» **COLLECTED DATA**
--- START ---
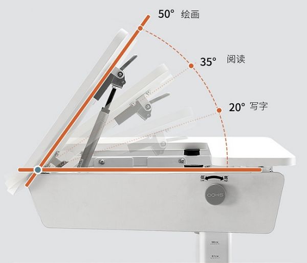 调节方面,西昊三栖书桌桌面高低可控,通过简单操作杆就可实现55cm-78cm上下自由升降,从而适应不同年龄段身高儿童。桌面板0-50°角度范围内任意锁定,0-10°用来写作业;20-40°阅读;50-60°绘画使用,一桌同时满足多种功能场景应用。
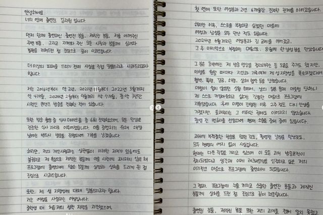 또한 "스스로를 부정하고 싶었던 마음에 여성과 남성을 모두 만난 적도 있다"며 "2024년 6월까지는 여성분과 긴 교제를 이어갔고, 그 후 마지막으로 부정하는 마음으로, 8월에 한 남성분을 만났다"고 고백했다.
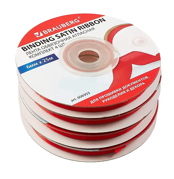 Лента обвязочная атласная красная комплект 4 шт., ширина 6 мм, длина 25 м, BRAUBERG
--- END ---
» **PROBLEM DETAILS**
Exactly as they appear above, print all the lines, but not the pictures.

» **EXERCISE RESPONSE**
 调节方面,西昊三栖书桌桌面高低可控,通过简单操作杆就可实现55cm-78cm上下自由升降,从而适应不同年龄段身高儿童。桌面板0-50°角度范围内任意锁定,0-10°用来写作业;20-40°阅读;50-60°绘画使用,一桌同时满足多种功能场景应用。
 또한 "스스로를 부정하고 싶었던 마음에 여성과 남성을 모두 만난 적도 있다"며 "2024년 6월까지는 여성분과 긴 교제를 이어갔고, 그 후 마지막으로 부정하는 마음으로, 8월에 한 남성분을 만났다"고 고백했다.
 Лента обвязочная атласная красная комплект 4 шт., ширина 6 мм, длина 25 м, BRAUBERG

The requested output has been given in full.